The supermarket is empty. One cash register is working. The cashier is alone, elbows against the conveyor belt. There’s buzzing: the fluorescent white lights and the fridges encroaching on the room. It smells of old, wet cardboard. Emanating from the freezers, the warmth is of the pasty kind. Bland pop songs drone out of the speakers: a singer talks of heartbreak and revenge in clichéd terms.
Tea is at the back of aisle four, alongside coffee and breakfast meals.
“Same as always?” you ask him as you both pass the produce section.

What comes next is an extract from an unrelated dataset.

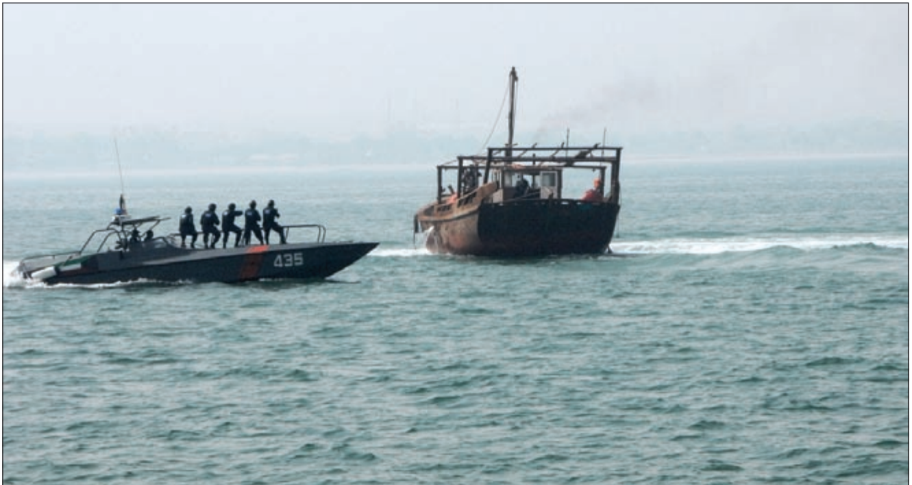
توقيف السفن في عرض البحر له ضوابط ملزمة

Raindrops fall against the metal panels of the roofs. The noise mixes with the shitty music and the buzzing lights and the whirring of the fridges and the squeaks of wet soles against linoleum floors. There’s a leak: red buckets are fenced off with yellow plastic signs.
“Levi,” you ask him again. “Black with bergamot?”

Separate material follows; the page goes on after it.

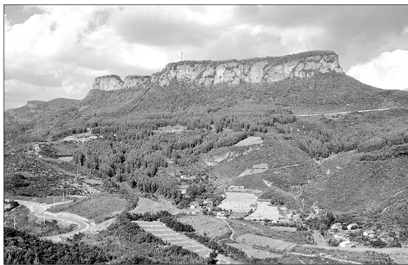
고구려 첫 도읍지인 오녀산성(중국 길림성 집안시 소재). 지난 7월 다른 고구려 유적들과 함께 세 계유산에 등재됐다.
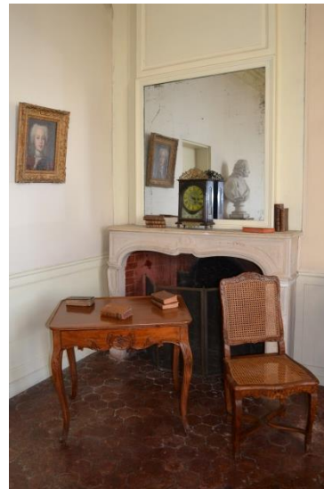
Chambre Voltaire

He half-listens, the second time: “Yeah.”
There’s something wrong. And the certainty makes his skin prick up with the mere rustle of the air. Levi picks up the pace. He ignores the leg and wills it to work; he’s made for endurance, after all. He pulls you along, and you follow him with such trust Levi knows he’ll have to answer for it later.
The miasma of cigarettes envelops him first.
A sour stench that soaks into clothes and hair. Levi recognizes him by it—the tall man with greasy blond hair and a dirty beard, slouching towards some blue-branded cereal. Lying on the floor next to him is a full bottle of wine. Dark red. Green glass.
He’s quick to turn. But, rooted to the spot, you don’t yield.
“Come.” The smell of smoke scratches his throat raw. “Please.”
“I don’t-”
“Levi!” The voice is acetic. It reminds him of titan blood, vaporous and fetid. “Leaving already?”